Indeed, in these frameworks, the peripheral muscular activity observed during imagined action is conceived as a consequence of (a partial inhibition) these actions, rather than a necessarycondition for imagining actions (including speech). This idea was well summarised by Jeannerod (2006), discussing the motor inhibition problem and the case of subvocal (inner) speech:

“Subvocal speech was first interpreted as a source of peripheral kinesthetic information which, when projected to central nervous structures, generated auditory images of the corresponding words. The same interpretation was given to the low intensity EMG recorded during mental motor imagery of limb actions, which was thought to be the origin of the feelings experienced by the subject during mental rehearsal (Jacobson, 1930), or to the eye movements recorded during mental visual imagery (e.g., Brandt and Stark, 1997). However, this interpretation of mental processes as consequences of peripheral feedback is now disproved by recent experiments showing complete absence of muscular activity in many subjects during motor imagery. When present, this activity is rather assumed to be a consequence of incomplete inhibition of motor output during mental states involving motor simulation. This same interpretation might also hold for inner speech.” (p. 153)

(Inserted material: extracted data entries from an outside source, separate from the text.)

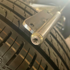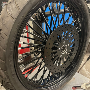 Bakhjulen hade vi liggandes på hyllan. Däcket monterat och en snygg svart skiva.
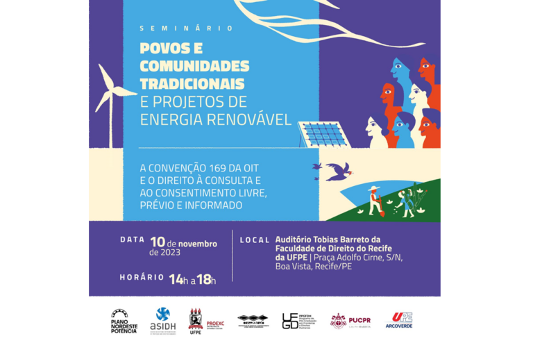 O Plano Nordeste Potência e parceiros convidam para o I Seminário Nordeste Potência “Povos e comunidades tradicionais e projetos de energia renovável – Convenção 169 da OIT e o direito à consulta e ao consentimento livre, prévio e informado”.
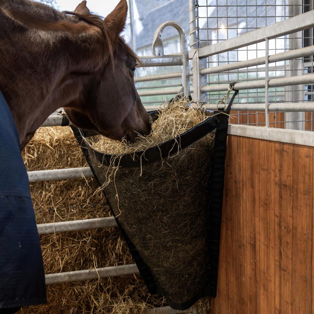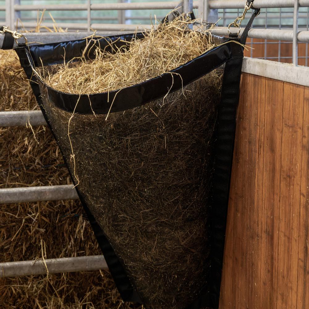 De hooizaak is gemaakt van een sterk materiaal en ontworpen om te voorkomen dat paarden met een hoef of schoen vast komen te zitten dankzij het fijn geweven net.
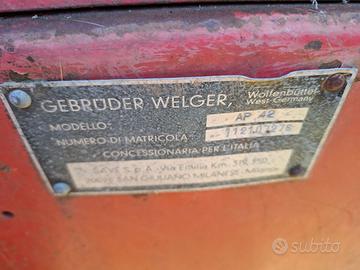 Vendo imballatrice Welger mod. AP 42 larghezza pickup 160cm, per ballette rettangolari 40x30xL variabile, in ottime condizioni. Macchina sempre tenuta al coperto con manutenzione e lubrificazione periodica. Legatori in ottimo stato, non hanno mai avuto problemi e funzionano alla perfezione. Macchina funzionante e pronta all'uso. Per info prezzo chiamare il 348.9056941.
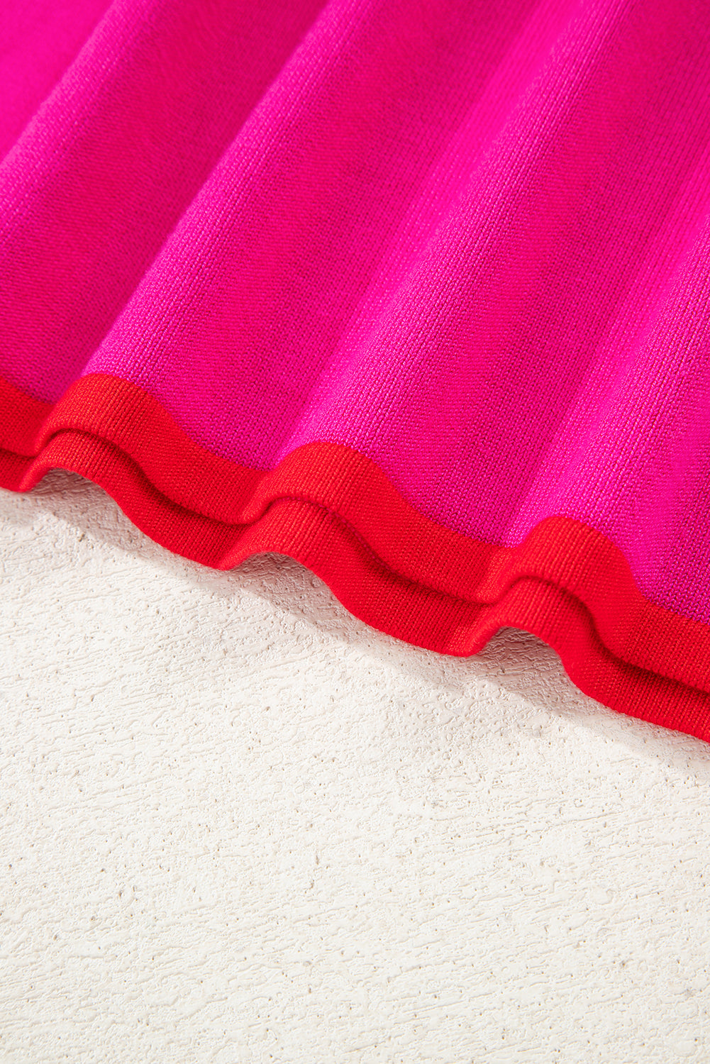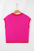 Rose Red Contrast Trim Round Neck Short Sleeve Loose Knit Sweater
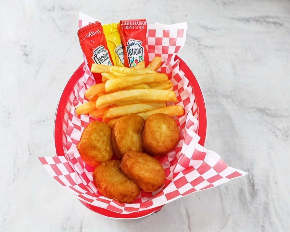 10 piezas de Nuggets, acompañado de papas a la francesa.
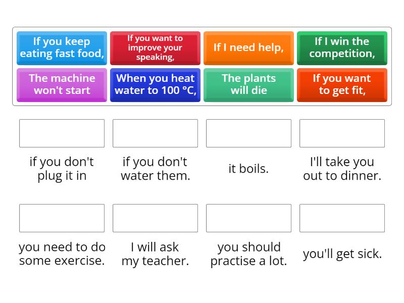 If I win the competition, - I'll take you out to dinner., If I need help, - I will ask my teacher., If you keep eating fast food, - you'll get sick., The machine won't start - if you don't plug it in, The plants will die - if you don't water them., If you want to get fit, - you need to do some exercise., When you heat water to 100 °C, - it boils., If you want to improve your speaking, - you should practise a lot.,
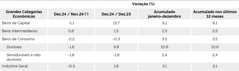 As grandes categorias econômicas mostraram desempenhos distintos. Bens de consumo duráveis cresceram 10,6%. Esse avanço foi impulsionado pela produção de eletrodomésticos, que subiu 23,8%, e de automóveis, com alta de 5,3%.
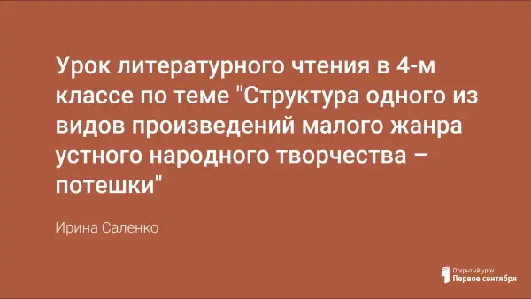 Урок литературного чтения в 4-м классе по теме "Структура одного из видов произведений малого жанра устного народного творчества – потешки"
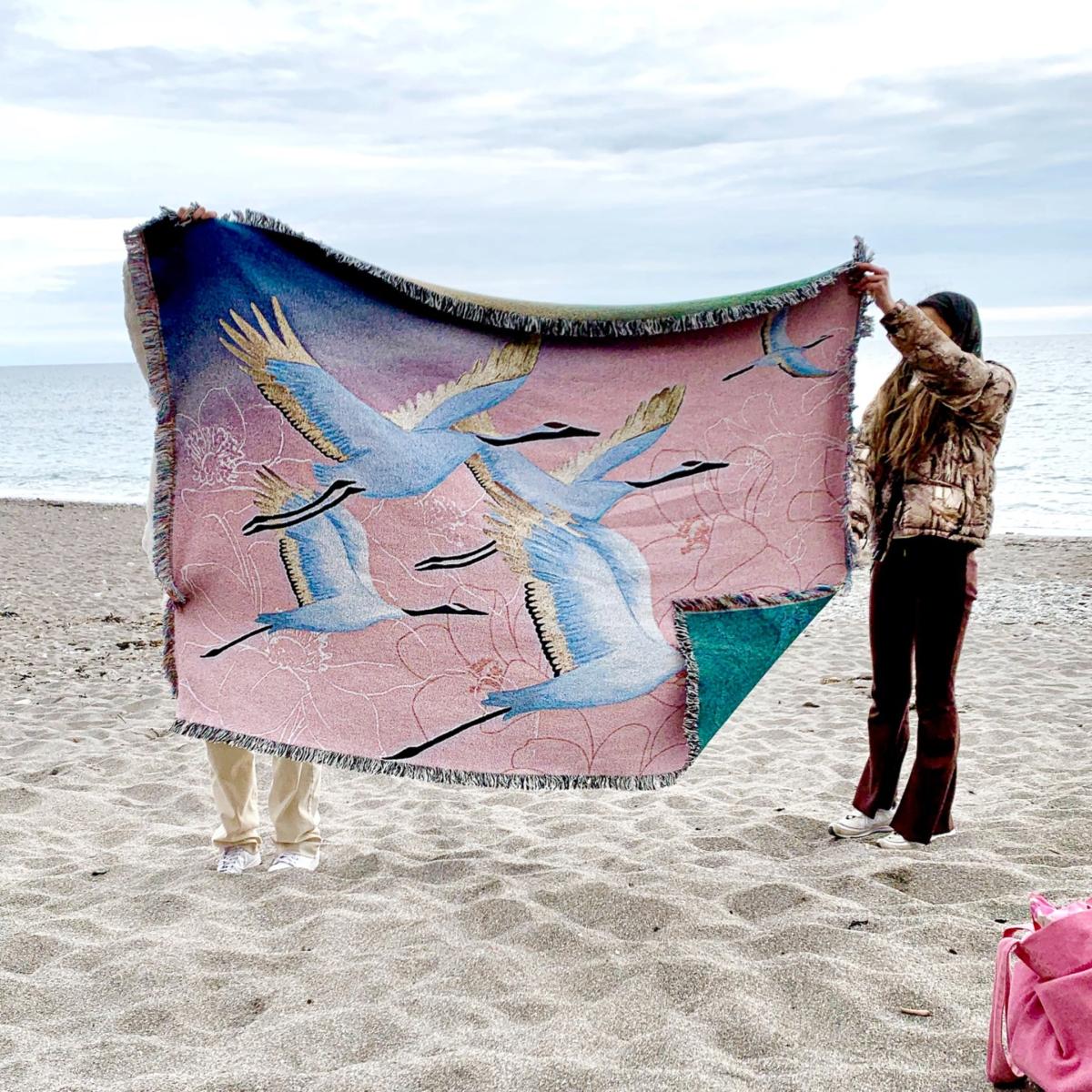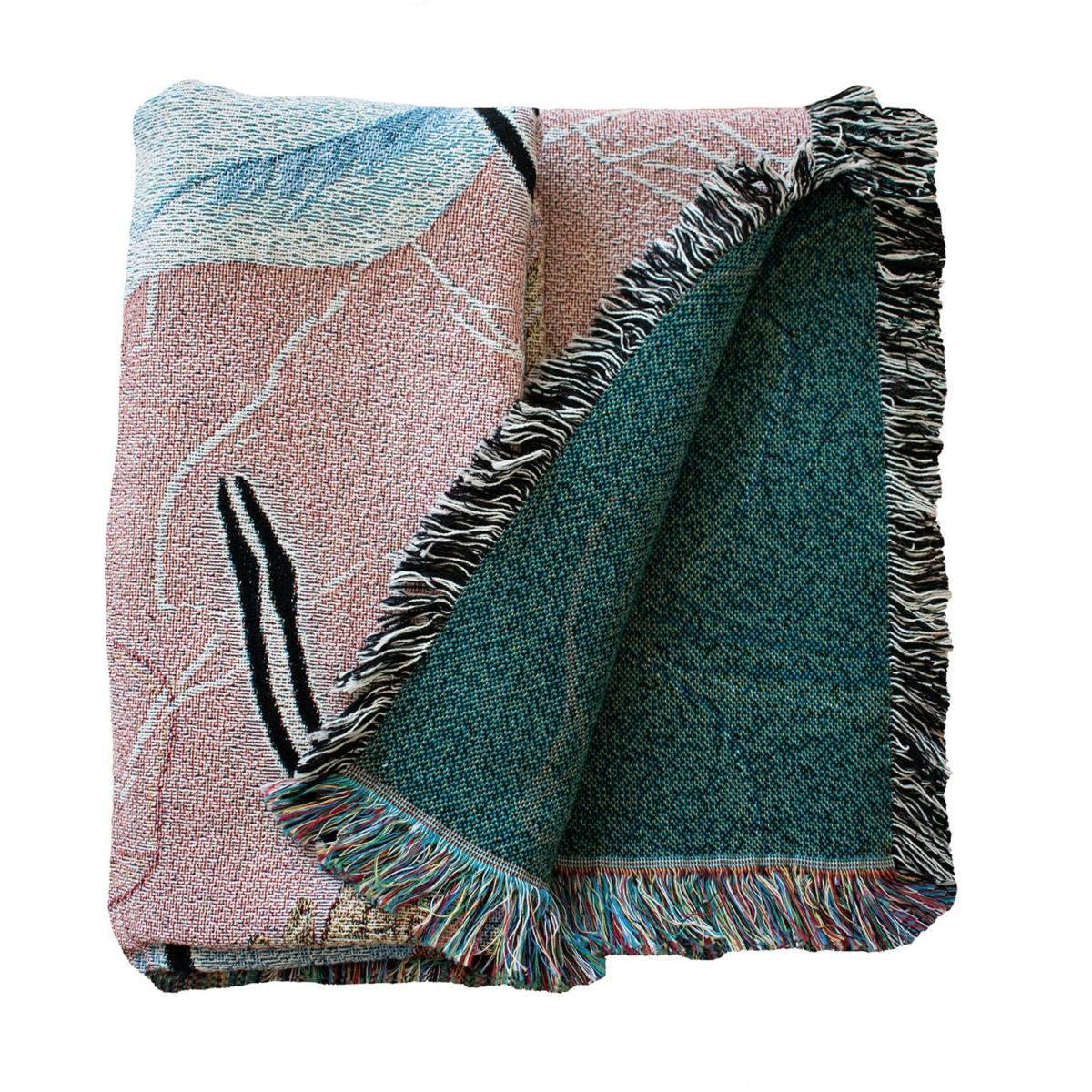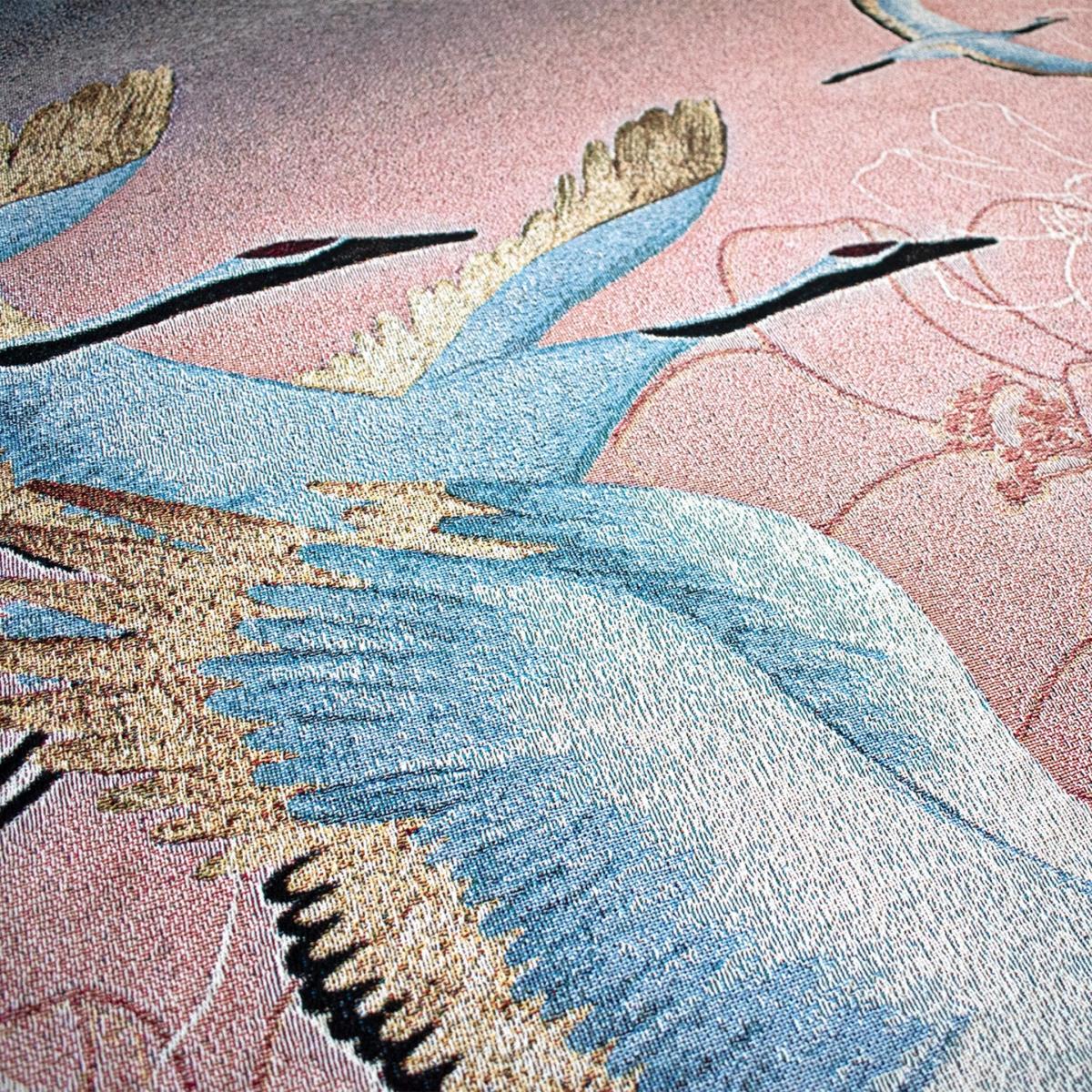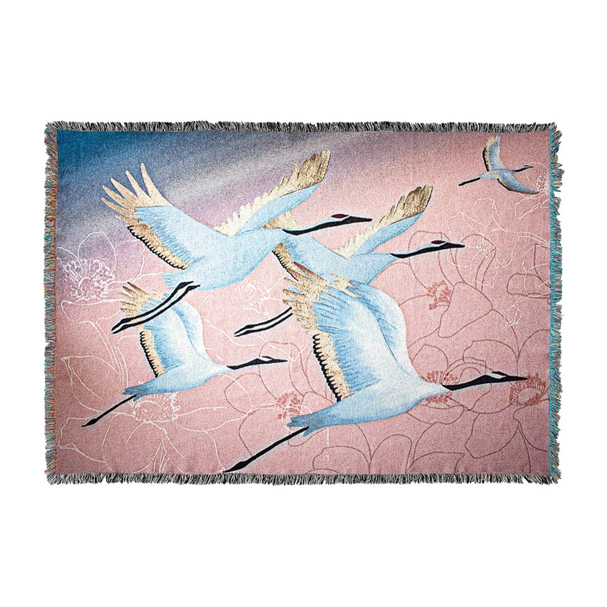 Snuggle up with one of these luxurious and comforting woven throws. A striking design of graceful red crowned cranes flying majestically in an ombre pink and indigo sky. Woven in the USA to the highest quality of craftsmanship, this weighty throw blanket can be used as a decorative addition over your sofa, bed, or even as an eye catching wall hanging. Woven with 100% cotton, and finished with the softest fringe edge.

Therefore, although the precise neural generators of these inhibitory signals remain to be examined, the peripheral muscular activation observed during inner speech may be resulting from an incomplete inhibition of motor commands. Moreover, we may speculate that some forms of inner speech may or may not be accompanied by peripheral muscular activations in the speech muscles, depending on the degree (the amount) of inhibition.